Find the line containing "The Flounce- Layer Crop", then return it and every line after it through the end of the records, exactly. Leave out pictures.

(Stored items)
++++++

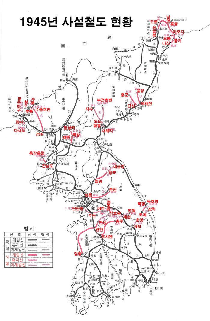 신안주~천동 간의 개천철도사가 있었고, 회령~동관진 간의 도문철도사는 1929년 4월 국철이 매수하였으며, 철원~내금강 간의 전기철도를 운영한 금강산전기철도사, 천안~장항 간 충남선 및 천안~장호원 간의 경기선 철도를 부설하여 운영한 조선경남철도사, 순천~여수 및 순천~광주 간의 남조선철도사, 용담~천내리 간의 천내리철도사는 1927년11월 국유화되었고, 나진~훈융 간의 북선철도사, 회령~금동 간의 북선흥업철도사, 성동~춘천 간의 경춘철도사 등의 사설철도회사가 운영되었다.
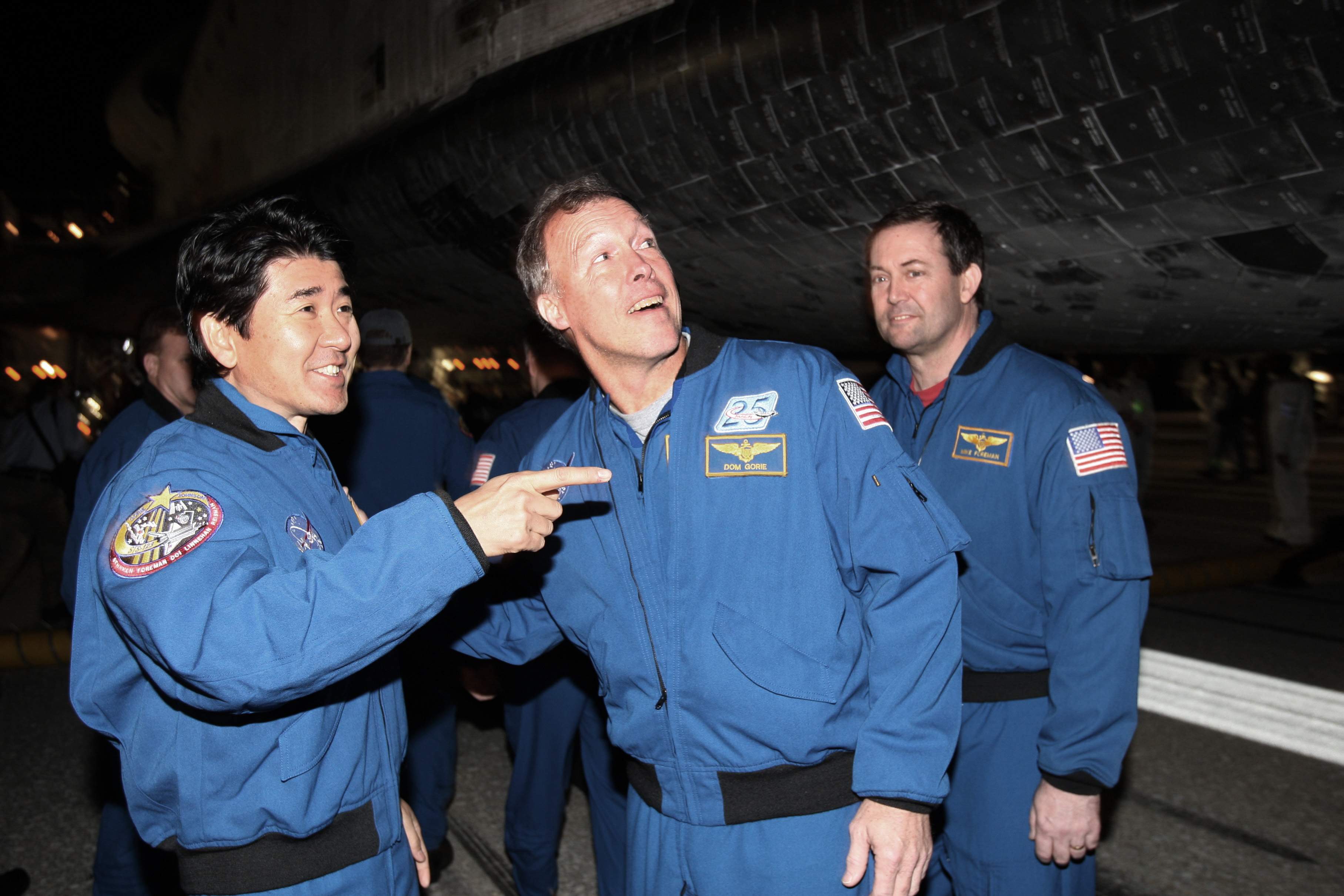 Japan Aerospace Exploration Agency's Takao Doi (L) points to the space shuttle Endeavour with mission commander Dominic Gorie and Mike Foreman (R) after it landed at the Kennedy Space Center in Cape Canaveral, Florida March 26, 2008. Endeavour ended a 16-day mission to the International Space Station. [Agencies] |
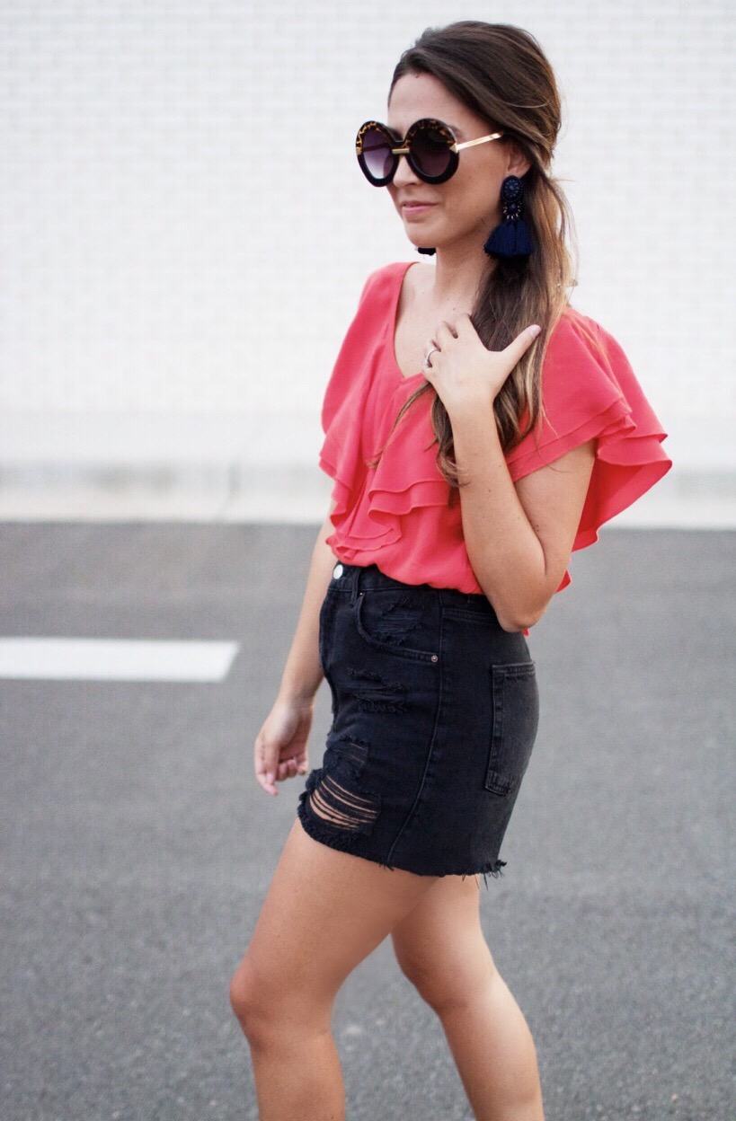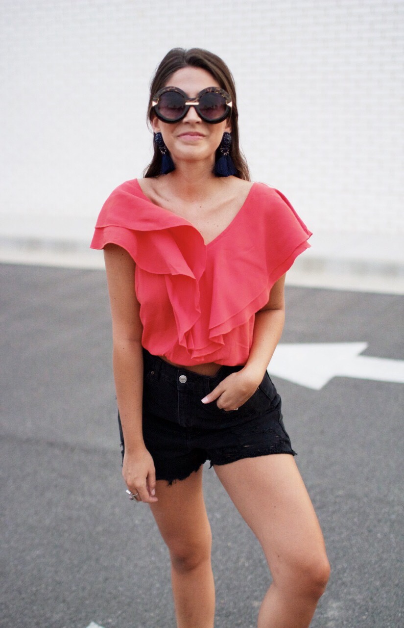 The Flounce- Layer Crop has to be the most flattering top anyone can purchase! Not only is this top super cute, but its also one of my favorite affordable tops! Take a look for yourself, and check the link below to purchase the Flounce- Layer Top!
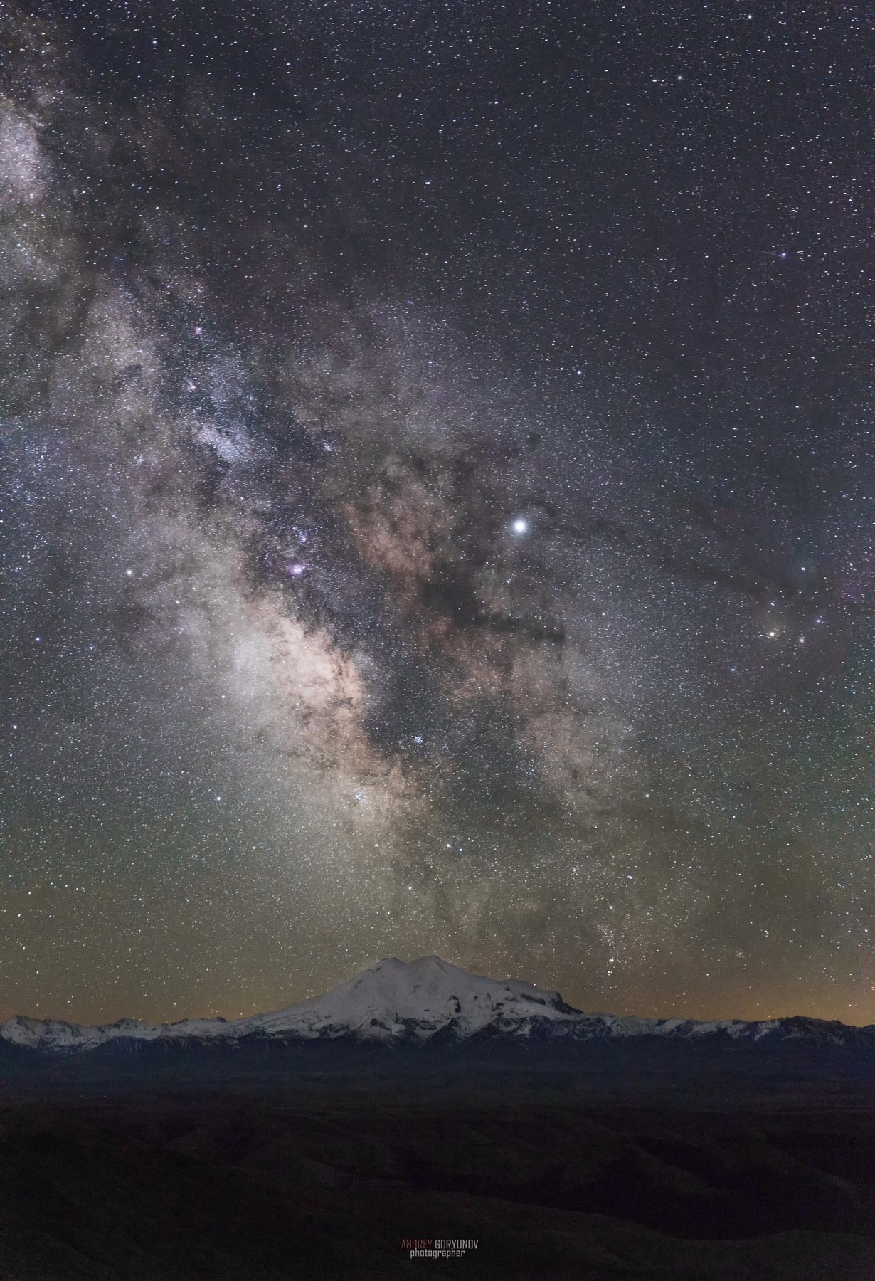 ночь, горы, эльбрус, кавказ, звезды, млечный путь, Андрей Горюнов
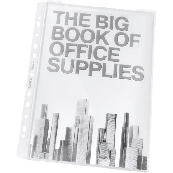 Koszulki z poszerzanym o 20 mm harmonijkowym brzegiem pozwalają na wlozenie do środka obszernych dokumentów i katalogów. Perfekcyjnie nadają sie do wpiecia do segregatorów.
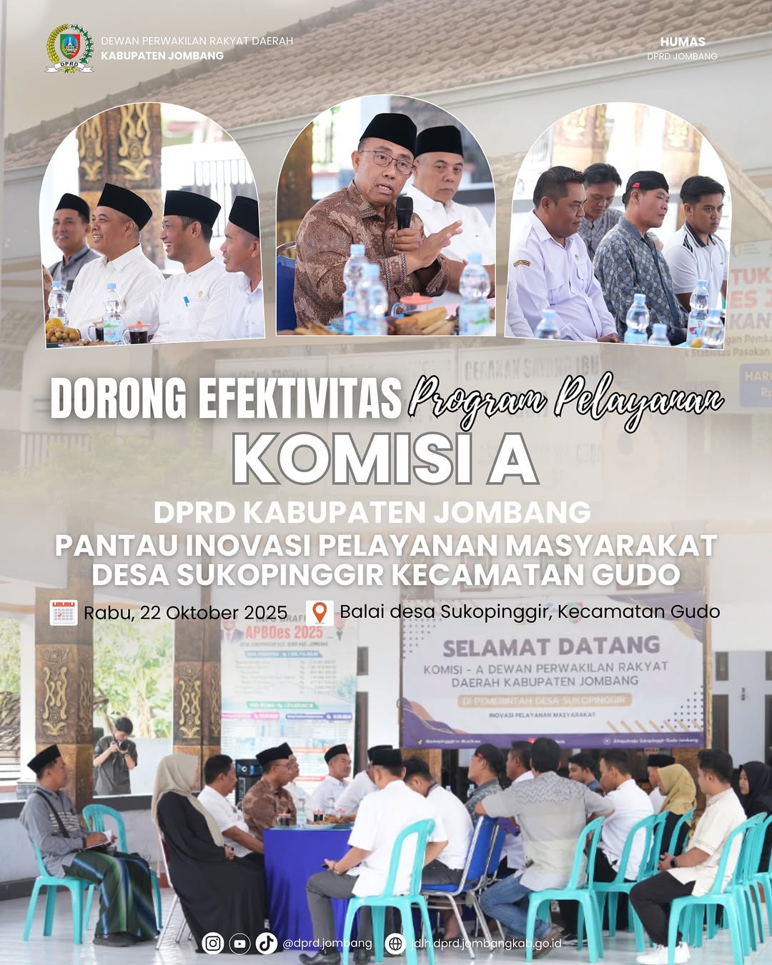 Komisi A DPRD Kabupaten Jombang juga menegaskan komitmennya untuk terus mendorong dan mengawal setiap bentuk inovasi pelayanan publik di desa-desa agar dapat menjadi contoh bagi wilayah lain di Kabupaten Jombang.
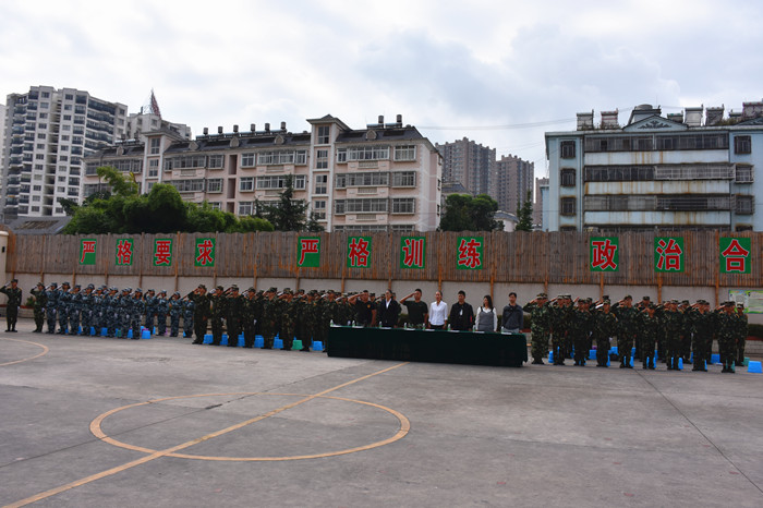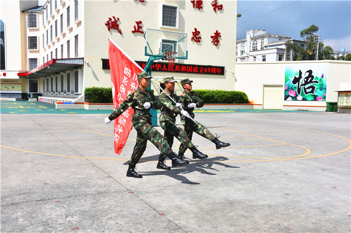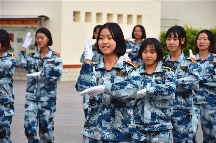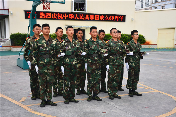 本次軍訓匯報表演既是隊列隊形規(guī)范化的一次大練兵,更是同學們健康、活潑、向上團隊精神的一次大展示,同學們飽滿的熱情和颯爽的英姿,為現(xiàn)代青少年的健康快樂成長添了一道亮麗的風景,向祖國69歲的生日獻上一份厚禮!
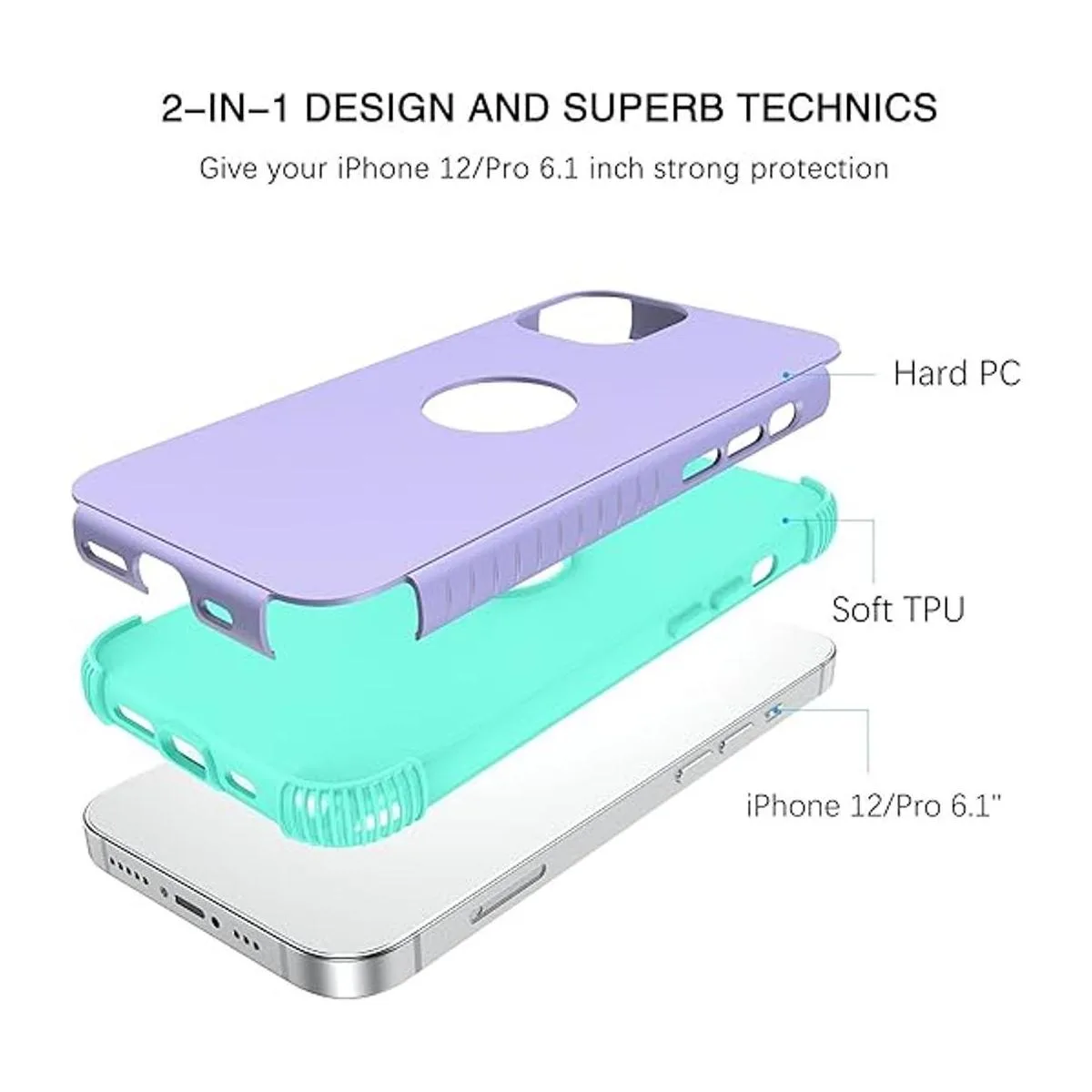 BENTOBEN Funda para iPhone 12, funda para teléfono iPhone 12 Pro, resistente 2 en 1, cuerpo completo, resistente, a prueba de golpes, protección híbrida de policarbonato duro contra caídas, protección contra caídas para niñas y mujeres y niños para iPhone 1212 Pro, púrpuramenta
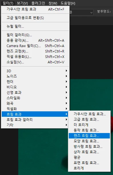 • RGB 채널 선택 후 [필터 > 흐림 효과 > 렌즈 흐림 효과]를 선택합니다.
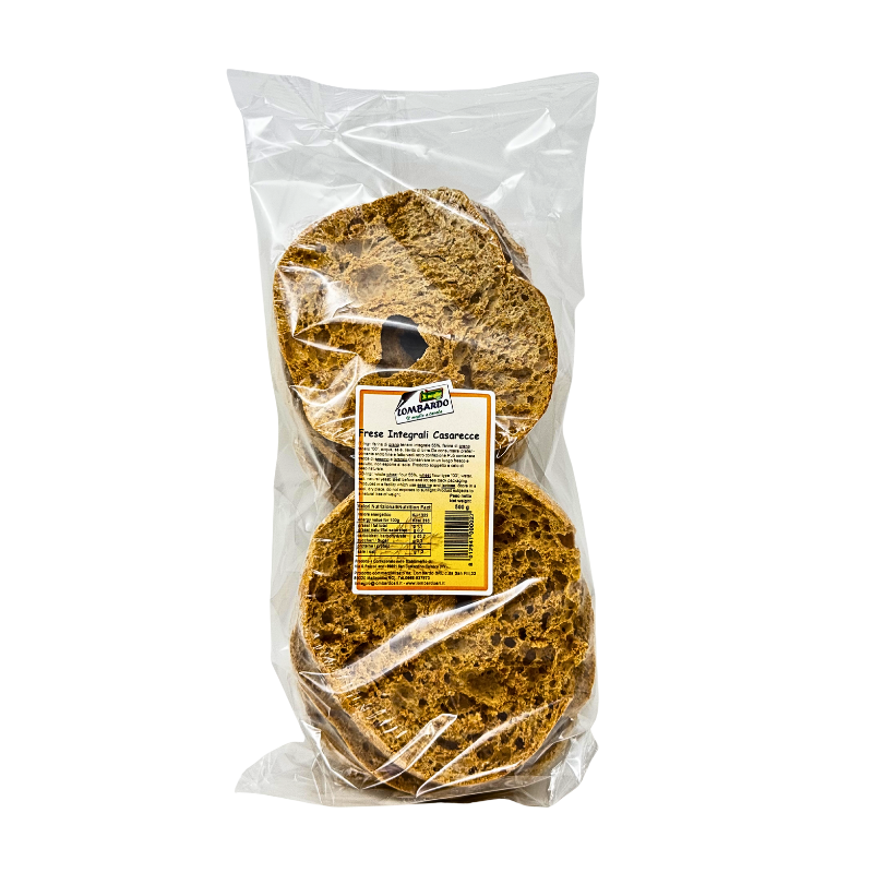 Le Frese Integrali Casarecce Lombardo racchiudono tutto il sapore autentico della tradizione calabrese, nata nei forni a legna delle case contadine, dove il pane veniva cotto due volte per garantirne la lunga conservazione. Realizzate con farina integrale di grano duro, mantengono intatti tutti i nutrienti e le fibre, offrendo un gusto rustico e genuino, con una croccantezza irresistibile.
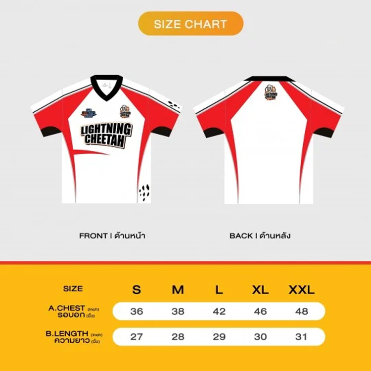 Jersey LIGHTNING CHEETAH — Jersey blanco y rojo de cuello en V con aplique del logo GMMTV STARLYMPICS 2025 en el pecho derecho, aplique del logo del equipo LIGHTNING CHEETAH en el pecho izquierdo y la espalda, y serigrafía del nombre del equipo LIGHTNING CHEETAH al centro. Confeccionado en tela Micro Sport Star Comet, suave, transpirable y de secado rápido, ideal para practicar deportes o animar.

++++++

ANSWER BELOW:
 The Flounce- Layer Crop has to be the most flattering top anyone can purchase! Not only is this top super cute, but its also one of my favorite affordable tops! Take a look for yourself, and check the link below to purchase the Flounce- Layer Top!
 ночь, горы, эльбрус, кавказ, звезды, млечный путь, Андрей Горюнов
 Koszulki z poszerzanym o 20 mm harmonijkowym brzegiem pozwalają na wlozenie do środka obszernych dokumentów i katalogów. Perfekcyjnie nadają sie do wpiecia do segregatorów.
 Komisi A DPRD Kabupaten Jombang juga menegaskan komitmennya untuk terus mendorong dan mengawal setiap bentuk inovasi pelayanan publik di desa-desa agar dapat menjadi contoh bagi wilayah lain di Kabupaten Jombang.
 本次軍訓匯報表演既是隊列隊形規(guī)范化的一次大練兵,更是同學們健康、活潑、向上團隊精神的一次大展示,同學們飽滿的熱情和颯爽的英姿,為現(xiàn)代青少年的健康快樂成長添了一道亮麗的風景,向祖國69歲的生日獻上一份厚禮!
 BENTOBEN Funda para iPhone 12, funda para teléfono iPhone 12 Pro, resistente 2 en 1, cuerpo completo, resistente, a prueba de golpes, protección híbrida de policarbonato duro contra caídas, protección contra caídas para niñas y mujeres y niños para iPhone 1212 Pro, púrpuramenta
 • RGB 채널 선택 후 [필터 > 흐림 효과 > 렌즈 흐림 효과]를 선택합니다.
 Le Frese Integrali Casarecce Lombardo racchiudono tutto il sapore autentico della tradizione calabrese, nata nei forni a legna delle case contadine, dove il pane veniva cotto due volte per garantirne la lunga conservazione. Realizzate con farina integrale di grano duro, mantengono intatti tutti i nutrienti e le fibre, offrendo un gusto rustico e genuino, con una croccantezza irresistibile.
 Jersey LIGHTNING CHEETAH — Jersey blanco y rojo de cuello en V con aplique del logo GMMTV STARLYMPICS 2025 en el pecho derecho, aplique del logo del equipo LIGHTNING CHEETAH en el pecho izquierdo y la espalda, y serigrafía del nombre del equipo LIGHTNING CHEETAH al centro. Confeccionado en tela Micro Sport Star Comet, suave, transpirable y de secado rápido, ideal para practicar deportes o animar.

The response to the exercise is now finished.